CN110454571B

CN110454571B - Parking device and car

Info

Publication number: CN110454571B
Application number: CN201910780040.5A
Authority: CN
Inventors: 曹青松; 刘望; 邱香; 易星
Original assignee: Jiangxi University of Technology
Current assignee: Jiangxi University of Technology
Priority date: 2019-08-22
Filing date: 2019-08-22
Publication date: 2021-07-27
Anticipated expiration: 2039-08-22
Also published as: CN110454571A

Abstract

The invention provides a parking device and an automobile, wherein the parking device comprises a locking gear, a pawl, a driver and a buffer mechanism, the pawl comprises a connecting part connected with the driver and an engaging part engaged with the locking gear, the buffer mechanism is connected between the connecting part and the engaging part, the buffer mechanism comprises a valve body, magnetorheological fluid arranged in a cavity of the valve body, a piston hermetically and slidably connected with the cavity of the valve body, a valve rod with one end connected with the piston and the other end extending out of the valve body and connected with the engaging part, and a magnetic control assembly arranged on the piston, a throttling hole for the circulation of the magnetorheological fluid is formed in the piston, and the magnetic control assembly is used for carrying out form conversion on the magnetorheological fluid in the throttling hole. According to the invention, the buffer mechanism adopting the magnetic control assembly and the magnetorheological fluid to be matched is arranged on the pawl, so that the pawl and the locking gear are flexibly combined and separated, the locking and the rapid abrasion caused by mechanical rigid combination are avoided, the P gear is ensured to be easily engaged and cancelled, and the mechanical knocking noise is avoided when the P gear is engaged.

Description

Parking device and car

Technical Field

The invention relates to the technical field of automobiles, in particular to a parking device and an automobile.

Background

As is known, vehicle sliding easily causes safety accidents, seriously threatens the safety of people and vehicles, and in order to prevent the abnormal vehicle sliding, a parking mechanism and a related electric control system thereof are usually arranged, so that the safety of people and vehicles is ensured as much as possible.

The hand brake is a parking mode of the traditional vehicle, and the principle of the hand brake is that a rear wheel brake piece is pulled through a steel wire, so that the rear wheel is locked to achieve the purpose of braking and parking. The mode has many defects, for example, the steel wire can generate certain tensile plastic deformation when being used for a long time, so that the braking force is reduced, the hand brake can only generate the braking force for the rear wheel during parking, the parking requirements of various road conditions cannot be met, and the hand brake has poor aesthetic property and is not high-grade.

In order to replace the traditional hand brake, P-gear parking (also called automatic parking) is produced, the working principle of the automatic parking brake is that a pawl is buckled with a locking gear under the driving of a motor, and the locking gear is connected to an output shaft of a gearbox, so that the aim of braking and parking is fulfilled.
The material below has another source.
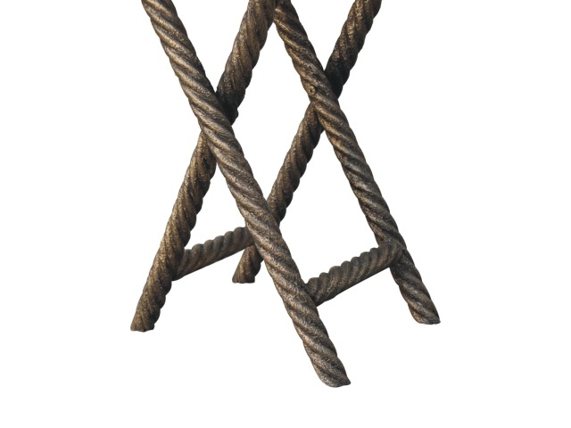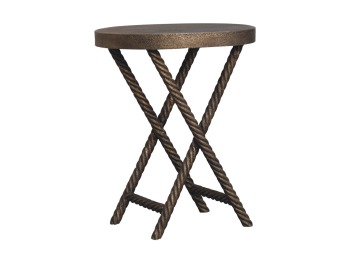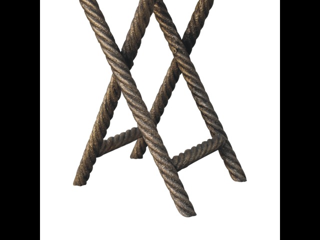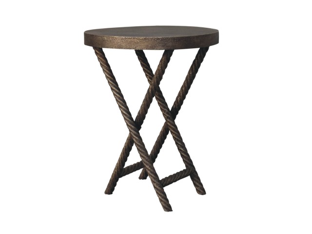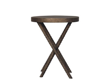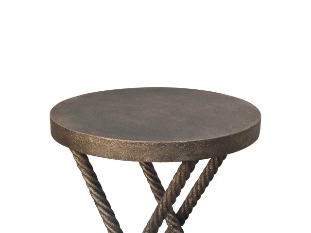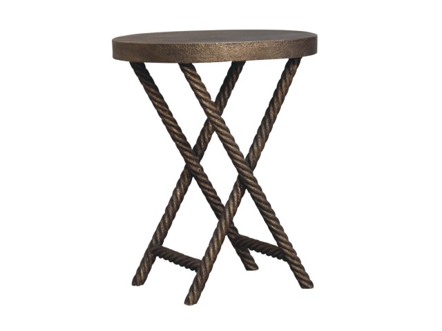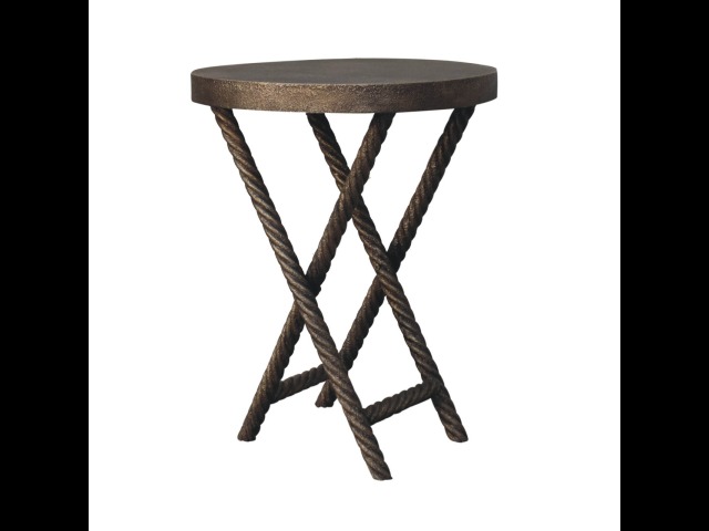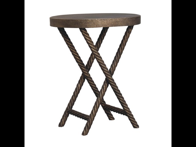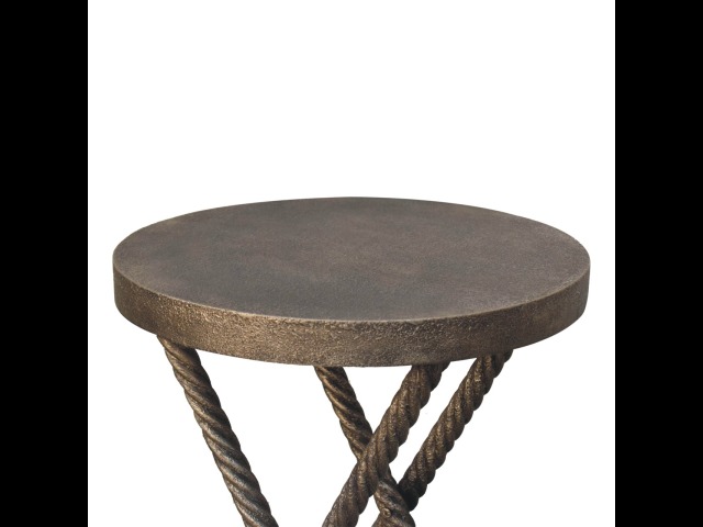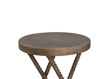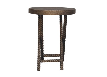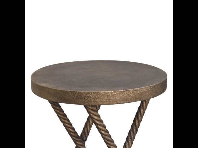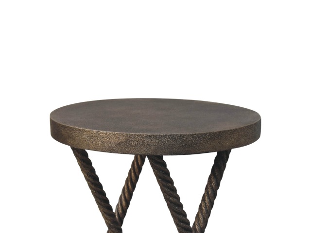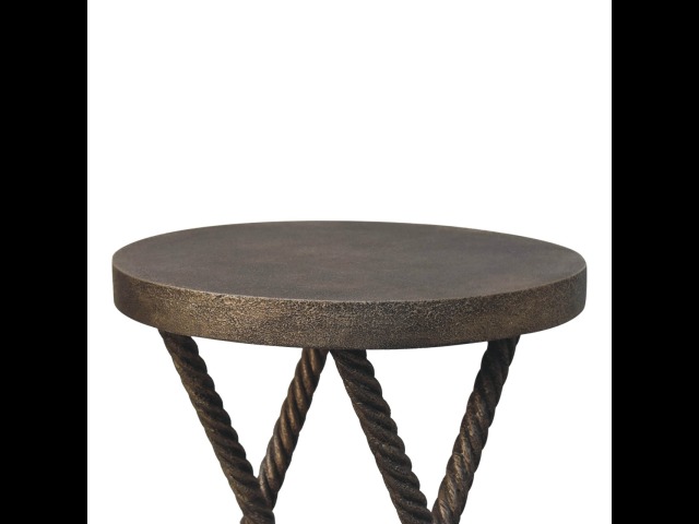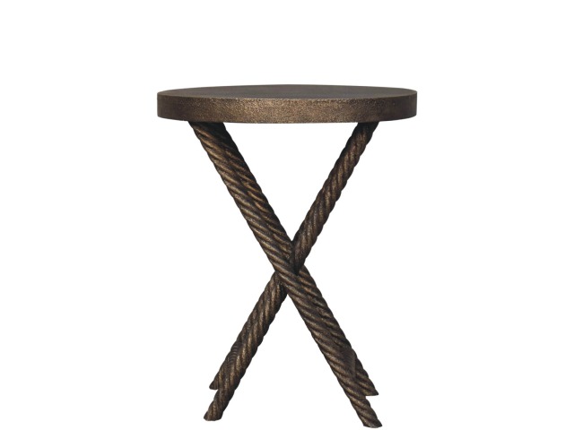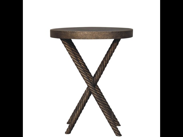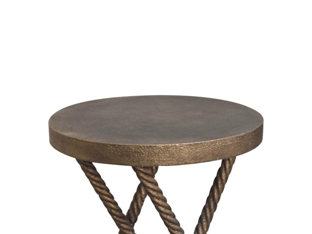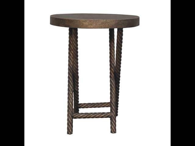 This small side table is perfect for the living room. Made from 100% solid mango wood, it's strong and has a unique rope design on the legs. It's finished with a shiny metallic look, adding a special touch to any space. Great for holding lamps, drinks, or decorations, it fits well with many room styles.

Among the prior art, the P that uses at present keeps off parking system, its pawl easily blocks, leads to P shelves not to put into or can't put into other gears, in addition after using certain mileage, the pawl is serious with the lock gear wearing and tearing, leads to putting into P shelves and has very big knocking noise.

Disclosure of Invention

Based on the above, the invention aims to provide a parking device and an automobile, so as to solve the technical problem that a pawl of a P-gear parking system is easy to be blocked in the prior art.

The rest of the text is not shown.